Harrisburg – With Pennsylvania’s employment rate lagging behind those of other states emerging from the pandemic, the state Senate this week approved several bills to rein in job-stifling regulations, including a bill sponsored by Senator John DiSanto (Dauphin/Perry).
The bills increase legislative oversight of a process too often influenced by unelected bureaucrats, adding special scrutiny for the costliest proposed regulations.
“My 35 years of experience as a business owner showed me that government red tape makes it more difficult to grow a business and create jobs, and I’ve heard the same message repeatedly from other job creators since I’ve been in the Senate,” said DiSanto, whose Senate Bill 520 would require costly regulations to go before the General Assembly for a vote. “Our current regulatory process stifles the economy and vests too much power in unelected government employees and agencies that lack direct accountability to the people. This is a blueprint for regulatory growth and amounts to laws being crafted without the consent of the governed.”
Senate Bill 520 state that no regulation with an economic impact or cost to the Commonwealth, local governments and the private sector exceeding $1 million can be imposed without approval of the General Assembly.

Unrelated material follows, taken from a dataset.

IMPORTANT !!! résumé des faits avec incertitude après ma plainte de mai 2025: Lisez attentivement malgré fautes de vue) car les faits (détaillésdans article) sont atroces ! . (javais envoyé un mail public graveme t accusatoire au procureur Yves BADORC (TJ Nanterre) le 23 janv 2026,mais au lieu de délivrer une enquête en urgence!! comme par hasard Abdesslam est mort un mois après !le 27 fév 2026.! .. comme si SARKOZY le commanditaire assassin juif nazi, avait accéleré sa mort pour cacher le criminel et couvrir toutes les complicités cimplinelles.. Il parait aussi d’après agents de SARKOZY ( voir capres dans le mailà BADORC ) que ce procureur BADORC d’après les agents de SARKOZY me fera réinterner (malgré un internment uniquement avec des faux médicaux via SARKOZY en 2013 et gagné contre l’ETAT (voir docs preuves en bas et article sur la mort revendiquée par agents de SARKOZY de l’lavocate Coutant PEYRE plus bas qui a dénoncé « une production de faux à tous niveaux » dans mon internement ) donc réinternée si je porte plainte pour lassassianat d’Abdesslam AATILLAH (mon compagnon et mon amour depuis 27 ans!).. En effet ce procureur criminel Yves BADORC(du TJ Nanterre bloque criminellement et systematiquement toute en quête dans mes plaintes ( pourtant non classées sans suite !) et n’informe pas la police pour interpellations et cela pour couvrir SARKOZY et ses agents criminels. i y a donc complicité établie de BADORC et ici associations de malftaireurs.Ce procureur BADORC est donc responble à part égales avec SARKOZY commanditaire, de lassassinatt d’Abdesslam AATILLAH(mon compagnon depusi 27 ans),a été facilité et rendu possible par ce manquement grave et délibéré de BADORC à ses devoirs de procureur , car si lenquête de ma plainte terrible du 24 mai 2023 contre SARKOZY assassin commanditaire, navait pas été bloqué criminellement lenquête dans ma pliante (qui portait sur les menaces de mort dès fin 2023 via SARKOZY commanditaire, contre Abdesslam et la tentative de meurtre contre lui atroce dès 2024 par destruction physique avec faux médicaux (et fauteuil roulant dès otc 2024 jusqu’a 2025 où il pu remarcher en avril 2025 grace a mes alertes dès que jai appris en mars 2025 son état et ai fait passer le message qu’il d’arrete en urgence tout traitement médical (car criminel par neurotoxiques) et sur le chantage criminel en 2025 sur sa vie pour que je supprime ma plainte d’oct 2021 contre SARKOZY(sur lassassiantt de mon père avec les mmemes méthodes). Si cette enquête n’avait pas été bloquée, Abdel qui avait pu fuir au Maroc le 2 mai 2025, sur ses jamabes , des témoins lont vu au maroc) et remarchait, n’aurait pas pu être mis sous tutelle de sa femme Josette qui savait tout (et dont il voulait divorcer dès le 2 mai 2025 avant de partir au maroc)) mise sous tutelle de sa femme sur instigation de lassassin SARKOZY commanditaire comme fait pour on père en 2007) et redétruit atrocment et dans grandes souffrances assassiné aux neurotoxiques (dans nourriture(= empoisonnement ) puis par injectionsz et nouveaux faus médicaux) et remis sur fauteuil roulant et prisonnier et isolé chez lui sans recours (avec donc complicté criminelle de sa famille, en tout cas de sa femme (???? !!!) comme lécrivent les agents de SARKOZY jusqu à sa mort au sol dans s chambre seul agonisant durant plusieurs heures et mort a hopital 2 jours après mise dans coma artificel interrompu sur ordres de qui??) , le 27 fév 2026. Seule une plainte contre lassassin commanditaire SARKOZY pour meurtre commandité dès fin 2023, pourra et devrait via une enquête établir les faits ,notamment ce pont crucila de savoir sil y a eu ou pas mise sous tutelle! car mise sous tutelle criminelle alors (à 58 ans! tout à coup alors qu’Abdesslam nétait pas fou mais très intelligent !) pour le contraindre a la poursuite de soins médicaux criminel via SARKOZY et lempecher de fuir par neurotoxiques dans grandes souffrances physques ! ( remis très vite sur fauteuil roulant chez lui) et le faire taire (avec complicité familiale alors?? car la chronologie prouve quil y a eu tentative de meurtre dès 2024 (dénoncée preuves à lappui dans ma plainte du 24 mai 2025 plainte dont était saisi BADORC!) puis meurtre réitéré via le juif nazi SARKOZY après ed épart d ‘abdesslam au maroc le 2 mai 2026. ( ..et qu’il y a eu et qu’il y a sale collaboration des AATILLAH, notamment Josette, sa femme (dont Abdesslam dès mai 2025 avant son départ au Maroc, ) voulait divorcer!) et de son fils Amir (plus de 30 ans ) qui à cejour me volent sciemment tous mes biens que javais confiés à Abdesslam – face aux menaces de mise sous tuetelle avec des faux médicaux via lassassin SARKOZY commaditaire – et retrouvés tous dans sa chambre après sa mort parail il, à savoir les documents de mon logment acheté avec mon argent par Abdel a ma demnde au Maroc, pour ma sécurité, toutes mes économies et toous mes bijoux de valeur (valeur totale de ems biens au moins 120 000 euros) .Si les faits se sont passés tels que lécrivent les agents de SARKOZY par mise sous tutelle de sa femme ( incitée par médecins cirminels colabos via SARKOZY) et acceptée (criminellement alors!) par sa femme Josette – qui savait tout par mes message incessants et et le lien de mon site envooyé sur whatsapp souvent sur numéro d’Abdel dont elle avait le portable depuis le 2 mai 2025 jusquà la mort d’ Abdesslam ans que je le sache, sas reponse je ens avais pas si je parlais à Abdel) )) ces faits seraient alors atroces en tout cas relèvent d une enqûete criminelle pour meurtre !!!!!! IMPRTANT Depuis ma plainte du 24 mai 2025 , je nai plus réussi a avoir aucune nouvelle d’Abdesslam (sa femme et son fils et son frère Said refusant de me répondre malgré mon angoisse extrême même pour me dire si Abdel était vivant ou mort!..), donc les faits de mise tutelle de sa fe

Other regulatory reform measures approved this week were:
- Senate Bill 28 – Ensures transparency in permitting. The bill would require all agencies that issue permits to post information about the permits on an accessible tracking system for applicants to check the status of their applications.
- Senate Bill 126 – Provides for an automatic review after three years of all regulations with an economic impact or cost to the Commonwealth, local governments and the private sector exceeding $1 million.
- Senate Bill 426 – Provides additional legislative oversight of the regulatory review process. The goal of the legislation is to ensure state agencies are implementing the law and not trying to make the laws themselves.
The bills have now been sent to the House of Representatives for consideration.